Description Konstantin Kharlamov 2021-04-25 22:58:24 UTC
Created attachment 296473 [details]
`dmesg -w` for `echo freeze > /sys/power/state`

As description says. Problem is seen on macbook 2013.

From docs I get impression that `freeze` seems to be the safest suspend method.
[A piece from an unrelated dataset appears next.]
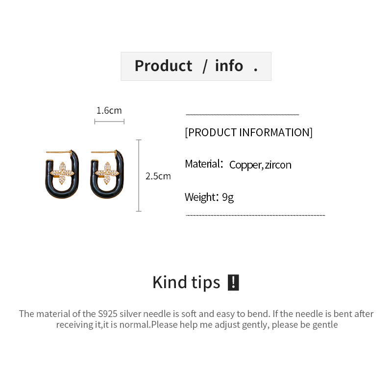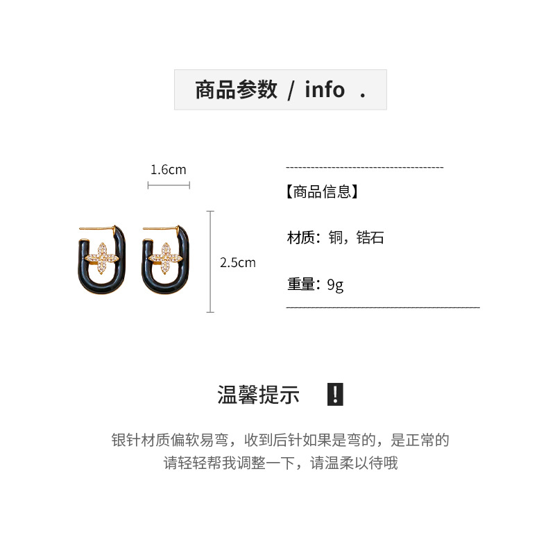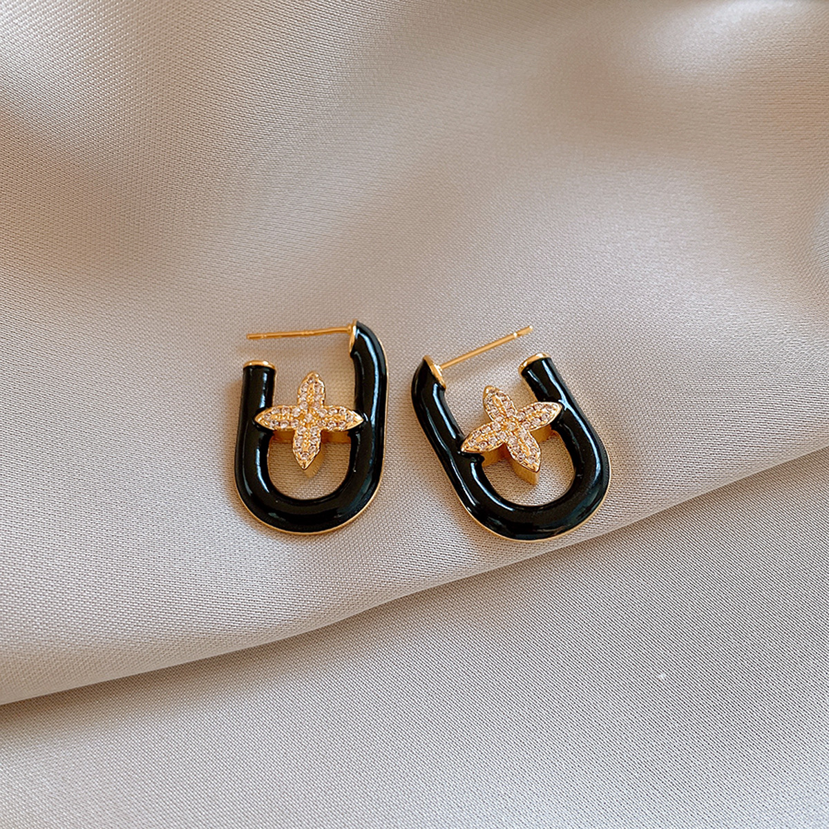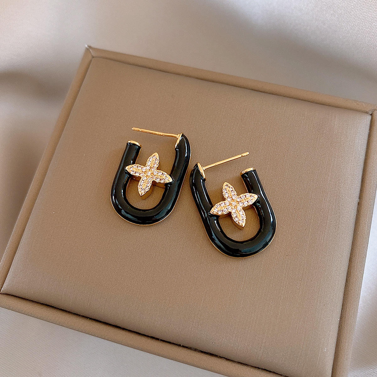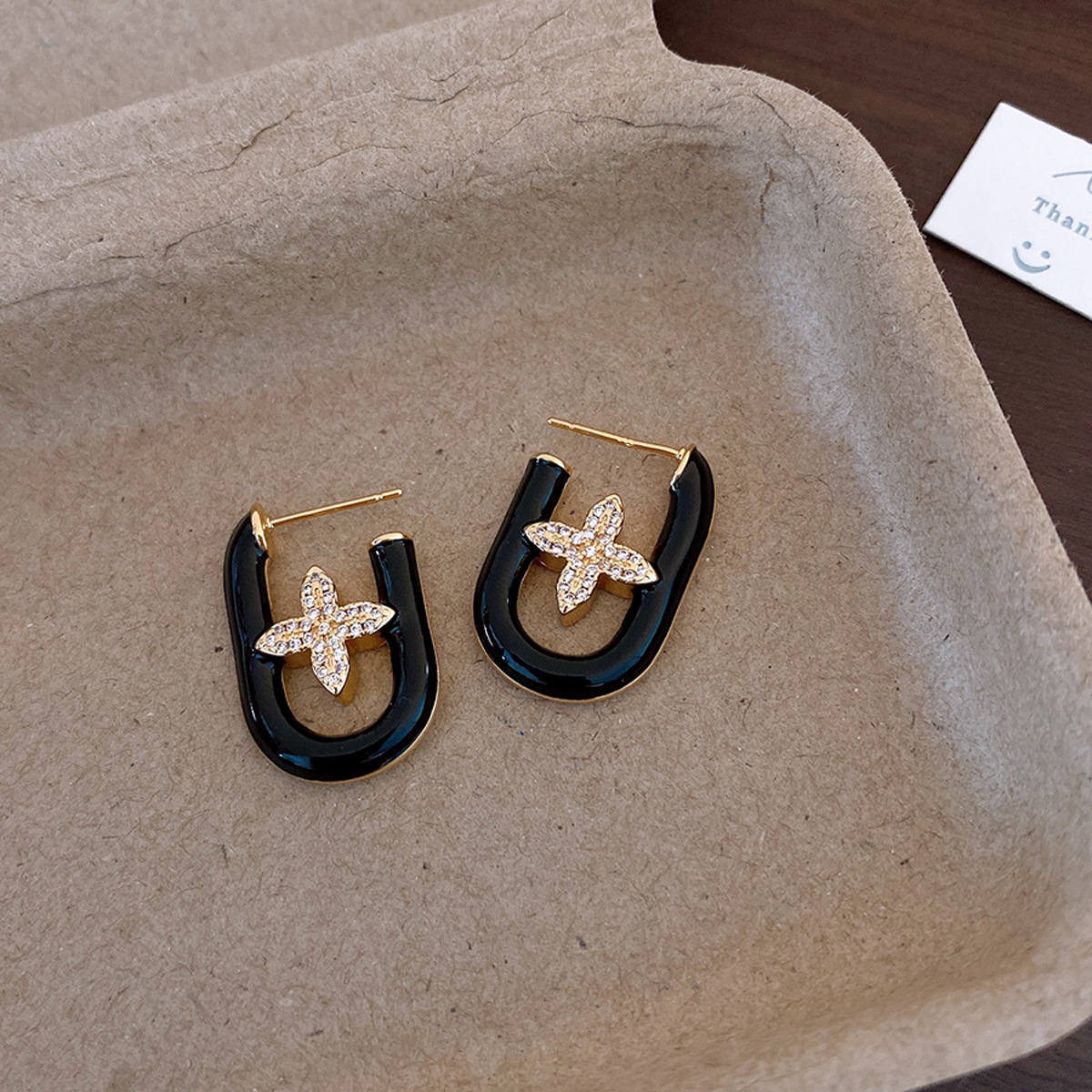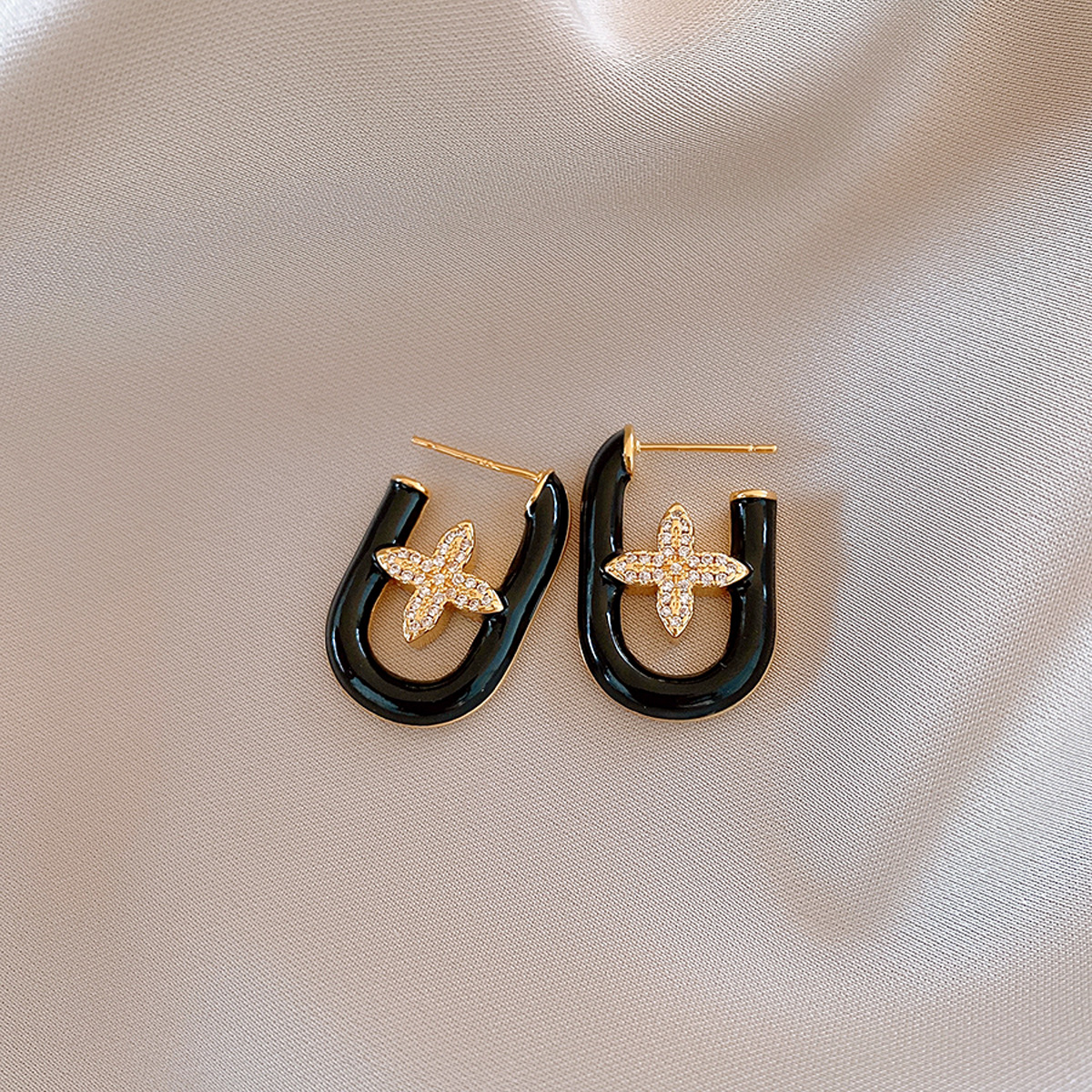 银针法式复古U形锆石花朵耳环轻奢高级感耳钉时尚设计感小众耳饰

However, on the hw in question the `mem`-suspend works fine, whereas `freeze` causes a bunch of errors and stacktraces.

The user-visible problem is that external monitor can no longer be detected until either α) reboot is done or β) `mem`-suspend cycle is done.

Logs for successful suspend (`mem`), and unsuccessful (`freeze`) are attached.

Kernels versions tested are: 5.10.9, 5.11.15.

# Steps to reproduce

1. As root, execute `echo freeze > /sys/power/state`
2. Look at `dmesg`

## Expected

Dmesg has no PCI errors and stack traces.

## Actual

Dmesg has errors such as:

    [   70.592149] pcieport 0000:05:00.0: can't change power state from D3hot to D0 (config space inaccessible)
    [   70.594304] pcieport 0000:06:00.0: can't change power state from D3hot to D0 (config space inaccessible)
    [   70.596369] thunderbolt 0000:07:00.0: can't change power state from D3hot to D0 (config space inaccessible)
    [   70.658615] ------------[ cut here ]------------
    [   70.658616] tb_cfg_write: -108
    [   70.658647] WARNING: CPU: 1 PID: 2592 at drivers/thunderbolt/ctl.c:1017 tb_cfg_write+0xb6/0xd0 [thunderbolt]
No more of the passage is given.